Tue Oct 10 16:20:29 UTC 2023

Hi,

On one of our clusters the "Epilog" setup in slurm.conf, (Epilog=/etc/slurm/slurm.epilog.local) call's the following to run the tmpwatch utility with a tiny access time on /tmp. I think tmpwatch can be run on specified paths and not just /tmp.
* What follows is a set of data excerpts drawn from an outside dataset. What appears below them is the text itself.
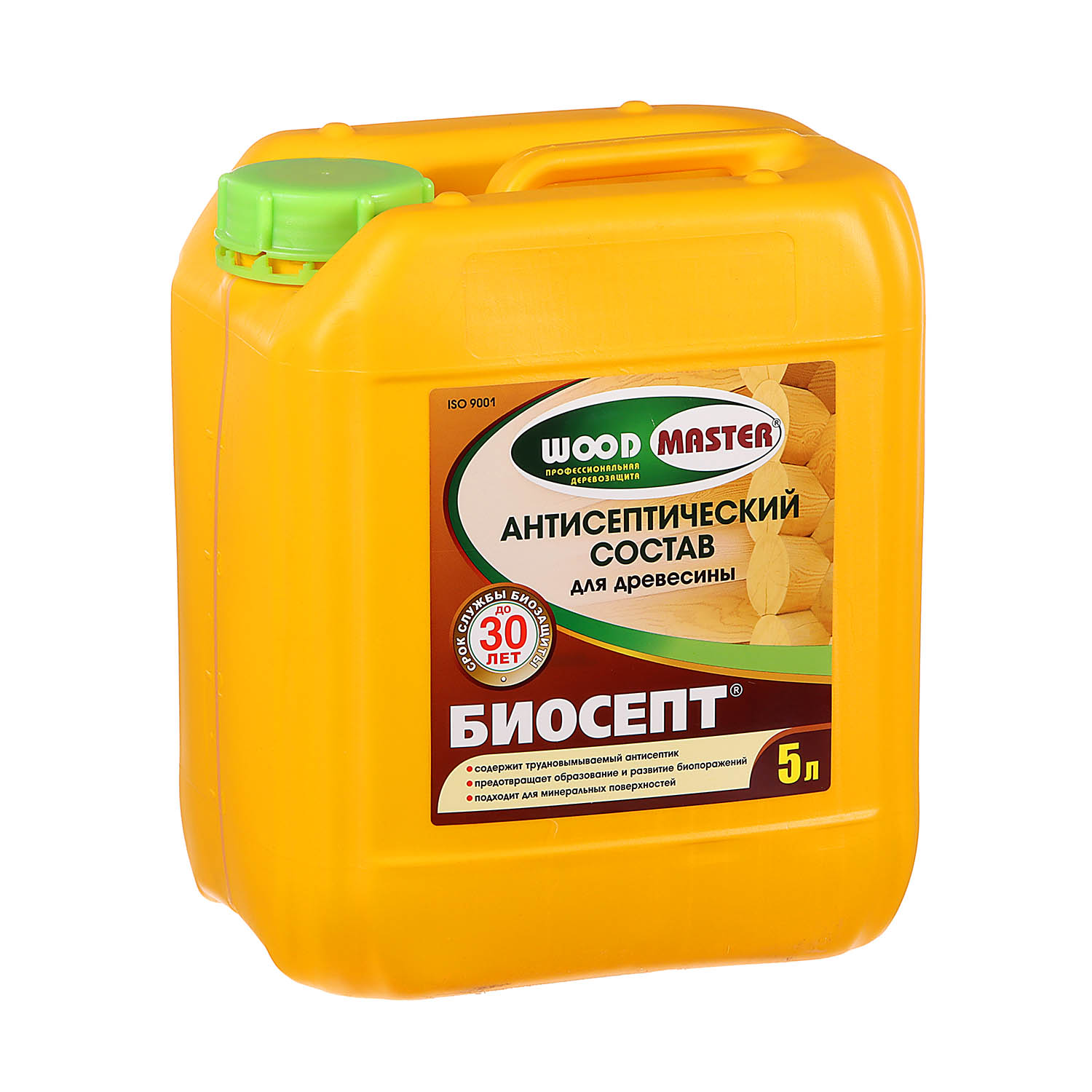 Антисептик Woodmaster Биосепт 5 л — трудновымываемый пропиточный состав для защиты древесины и минеральных основании от биопоражений.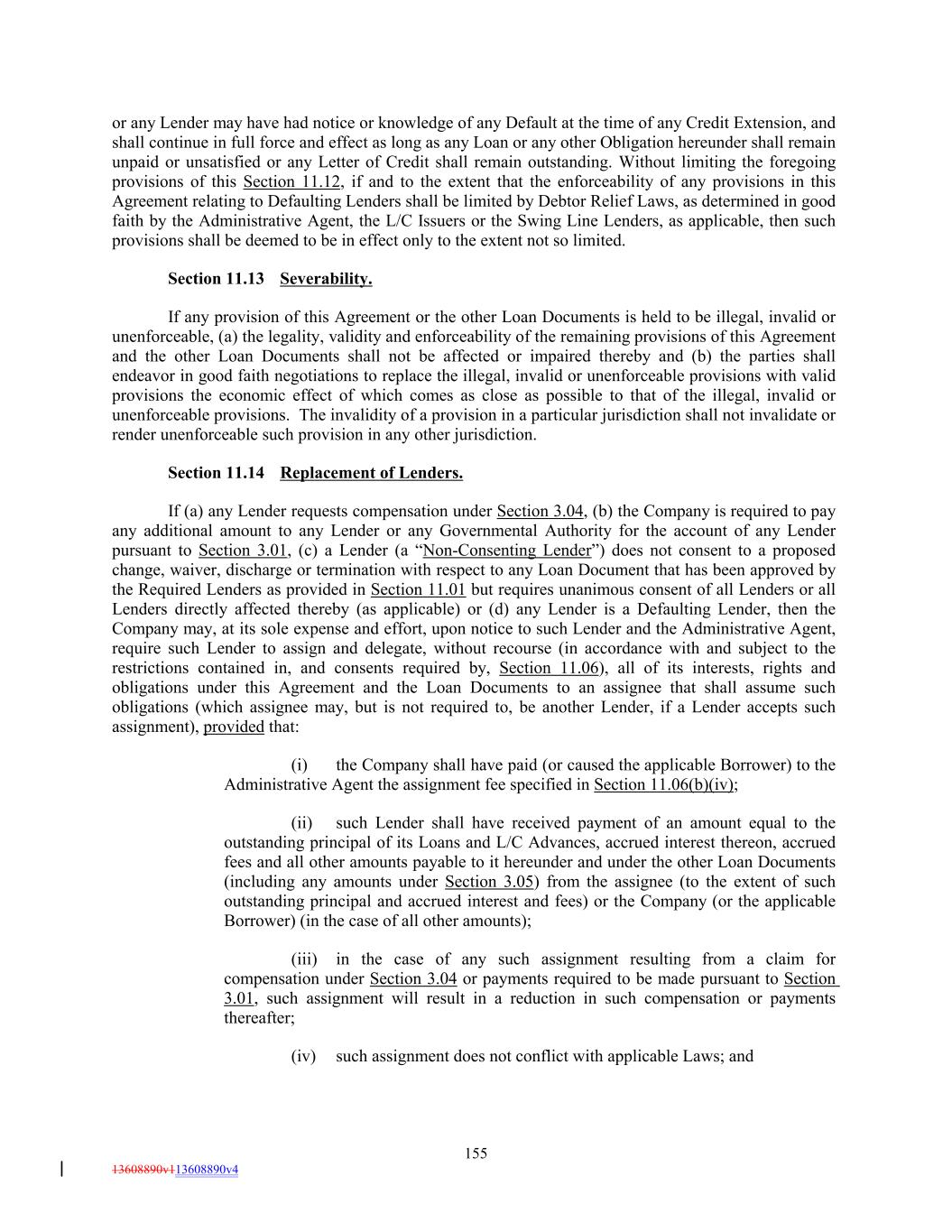 or any Lender may have had notice or knowledge of any Default at the time of any Credit Extension, and shall continue in full force and effect as long as any Loan or any other Obligation hereunder shall remain unpaid or unsatisfied or any Letter of Credit shall remain outstanding. Without limiting the foregoing provisions of this Section 11.12, if and to the extent that the enforceability of any provisions in this Agreement relating to Defaulting Lenders shall be limited by Debtor Relief Laws, as determined in good faith by the Administrative Agent, the L/C Issuers or the Swing Line Lenders, as applicable, then such provisions shall be deemed to be in effect only to the extent not so limited. Section 11.13 Severability. If any provision of this Agreement or the other Loan Documents is held to be illegal, invalid or unenforceable, (a) the legality, validity and enforceability of the remaining provisions of this Agreement and the other Loan Documents shall not be affected or impaired thereby and (b) the parties shall endeavor in good faith negotiations to replace the illegal, invalid or unenforceable provisions with valid provisions the economic effect of which comes as close as possible to that of the illegal, invalid or unenforceable provisions. The invalidity of a provision in a particular jurisdiction shall not invalidate or render unenforceable such provision in any other jurisdiction. Section 11.14 Replacement of Lenders. If (a) any Lender requests compensation under Section 3.04, (b) the Company is required to pay any additional amount to any Lender or any Governmental Authority for the account of any Lender pursuant to Section 3.01, (c) a Lender (a “Non-Consenting Lender”) does not consent to a proposed change, waiver, discharge or termination with respect to any Loan Document that has been approved by the Required Lenders as provided in Section 11.01 but requires unanimous consent of all Lenders or all Lenders directly affected thereby (as applicable) or (d) any Lender is a Defaulting Lender, then the Company may, at its sole expense and effort, upon notice to such Lender and the Administrative Agent, require such Lender to assign and delegate, without recourse (in accordance with and subject to the restrictions contained in, and consents required by, Section 11.06), all of its interests, rights and obligations under this Agreement and the Loan Documents to an assignee that shall assume such obligations (which assignee may, but is not required to, be another Lender, if a Lender accepts such assignment), provided that: (i) the Company shall have paid (or caused the applicable Borrower) to the Administrative Agent the assignment fee specified in Section 11.06(b)(iv); (ii) such Lender shall have received payment of an amount equal to the outstanding principal of its Loans and L/C Advances, accrued interest thereon, accrued fees and all other amounts payable to it hereunder and under the other Loan Documents (including any amounts under Section 3.05) from the assignee (to the extent of such outstanding principal and accrued interest and fees) or the Company (or the applicable Borrower) (in the case of all other amounts); (iii) in the case of any such assignment resulting from a claim for compensation under Section 3.04 or payments required to be made pursuant to Section 3.01, such assignment will result in a reduction in such compensation or payments thereafter; (iv) such assignment does not conflict with applicable Laws; and 155 13608890v113608890v4
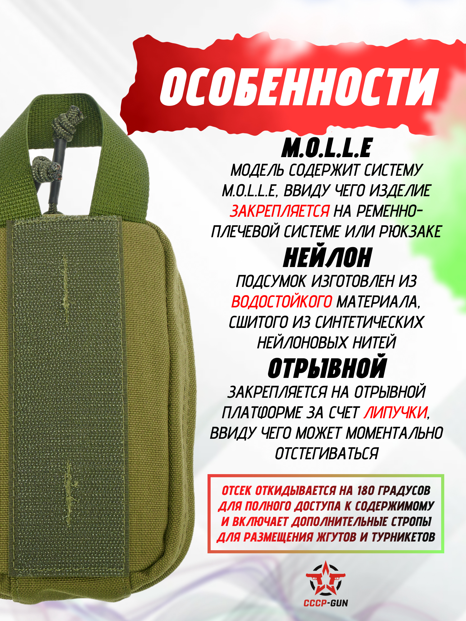 Также подсумок очень надежен поскольку в его изготовлении использовалась водонепроницаемая, плотная ткань марки Cordura 1000D.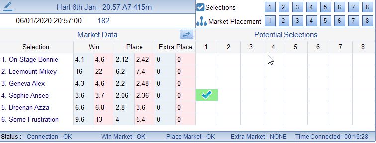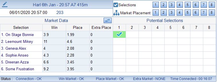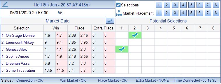 Any selections that are found are highlighted. In all the screen-shots in this topic I have added Geneva Alex as a selection for System 1. It has blue tick which is the default image for a matching selection. The background is Green which means at the the moment it fits my odds criteria. If there was a match but the odds were out of my range or some other criteria wasn't quite met the background would be orange.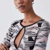 97% Recycled Polyester 3% Elastane. Dry Clean Only. Model wears UK Small. Small centre back length approx 125cm.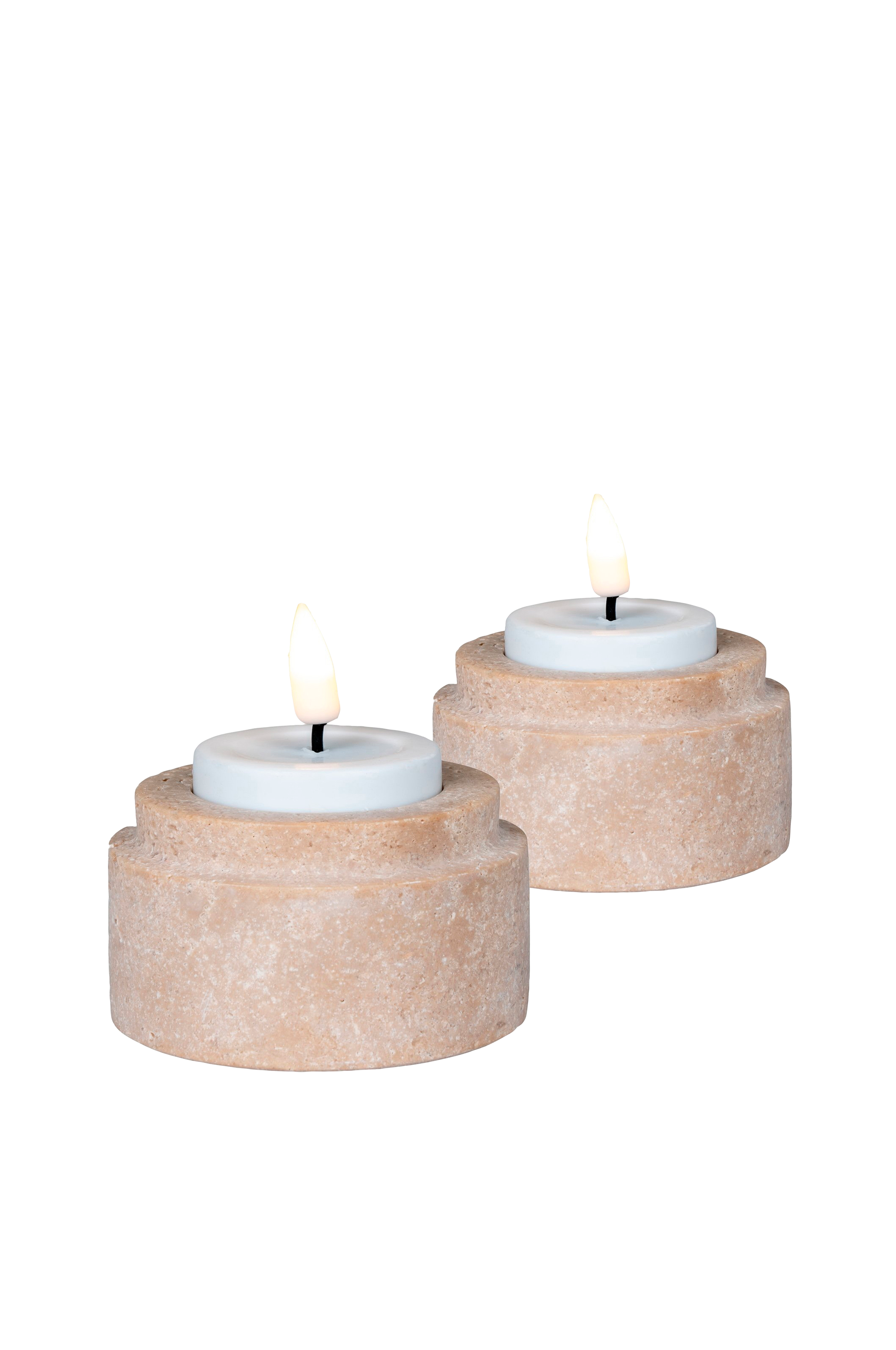 Fyrfadsstage, travertin, natur, sæt med 2 stk.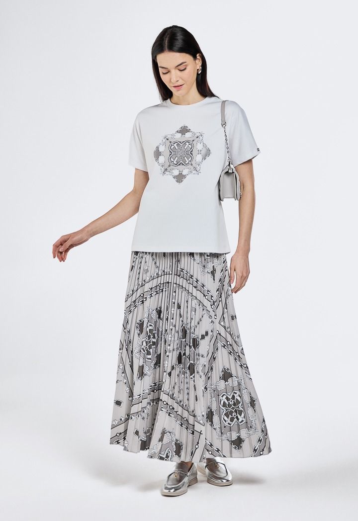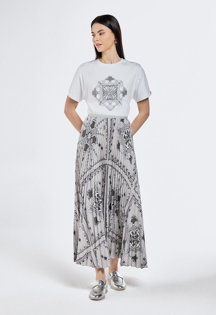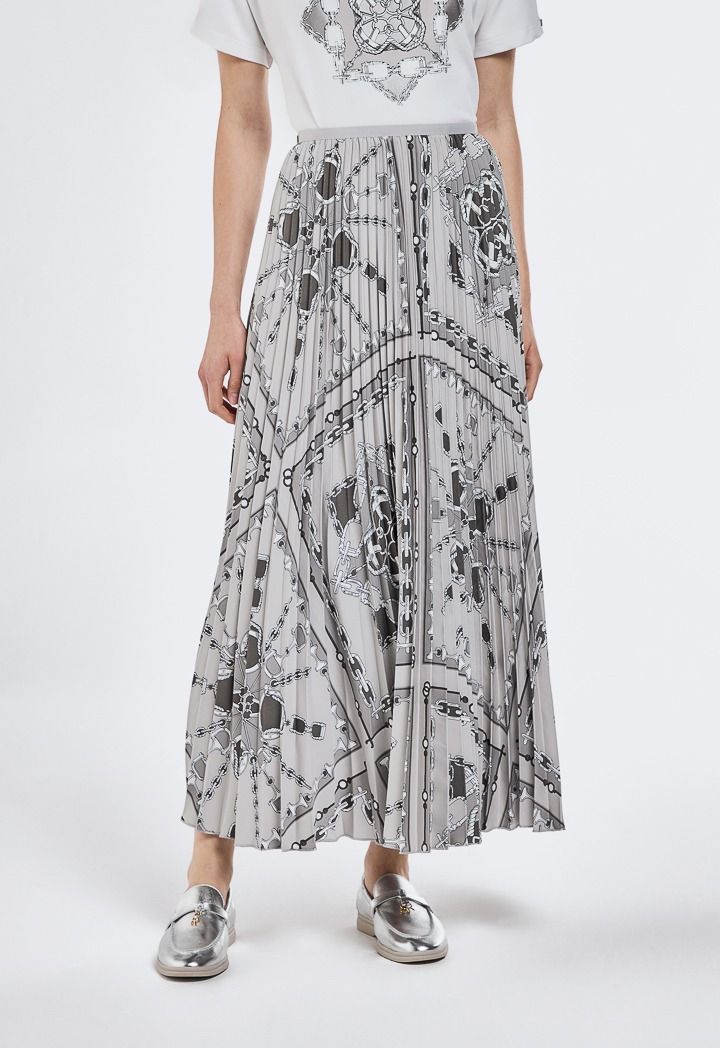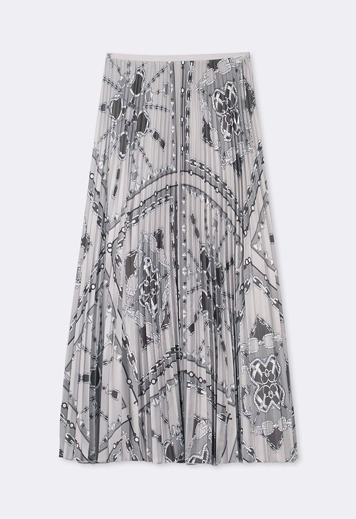 Add a touch of luxury to your everyday style with our chain print pleated skirt, flowing elegance meets statement design in every step you take.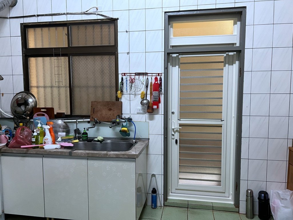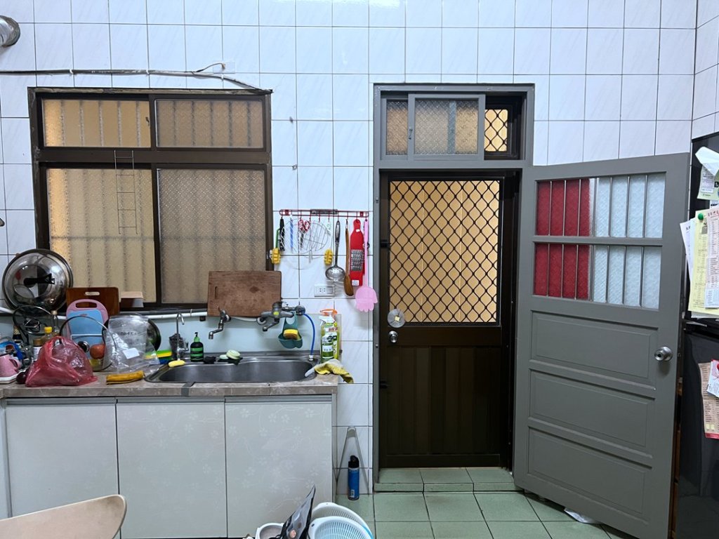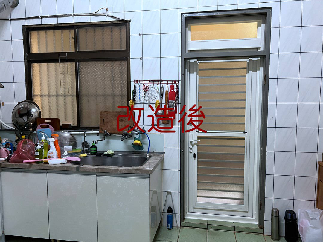 業主家廚房後門原為一道傳統紗門加木門,為了使用更方便,想改裝設多段式微調三合一通風門。 業主原決定拆除外紗門保留室內木門,施作過程中業主決定將木門一併拆除。

#####################################
# First, clean out /tmp, ruthlessly #
#####################################
# 2022-04-20, smcgrat at tcd.ie, RT#25239, RT#25262
# this will delete anything in /tmp older than a minute

outfile=/tmp/epilog.$CLUSTER.$(date +%Y%m%d%H%M%S).txt
{
echo "------------------------------------------------------------------"
echo -n "* /tmp maintenance - "
date
echo -n "* Current usage"
echo ""
df -h /tmp

echo -n "* Running tmpwatch to delete anything in /tmp older than a minute"
/usr/sbin/tmpwatch --atime 1m /tmp
echo ""

echo -n "* /tmp usage now"
echo ""
df -h /tmp

echo ""
} >> "${outfile}"

The last thing our epilog setup does is run the standard /etc/slurm/slurm.epilog.clean.dist. Looking at that it uses the SLURM_UID and SLURM_JOB_ID variables. I would guess that it also has access to the other variables in the context.

Best

Sean

---
Sean McGrath
Senior Systems Administrator, IT Services

________________________________
From: slurm-users <slurm-users-bounces at lists.schedmd.com> on behalf of Jason Simms <jsimms1 at swarthmore.edu>
Sent: Tuesday 10 October 2023 16:59
To: Slurm User Community List <slurm-users at lists.schedmd.com>
Subject: [slurm-users] Clean Up Scratch After Failed Job

Hello all,

Our template scripts for Slurm include a workflow to copy files to a scratch space prior to running a job, and then copying any output files, etc. back to the original submit directory on job completion, and then finally cleaning up (deleting) the scratch space before exiting. This works great until a job fails or is requeued, in which case the scratch space isn't cleaned up.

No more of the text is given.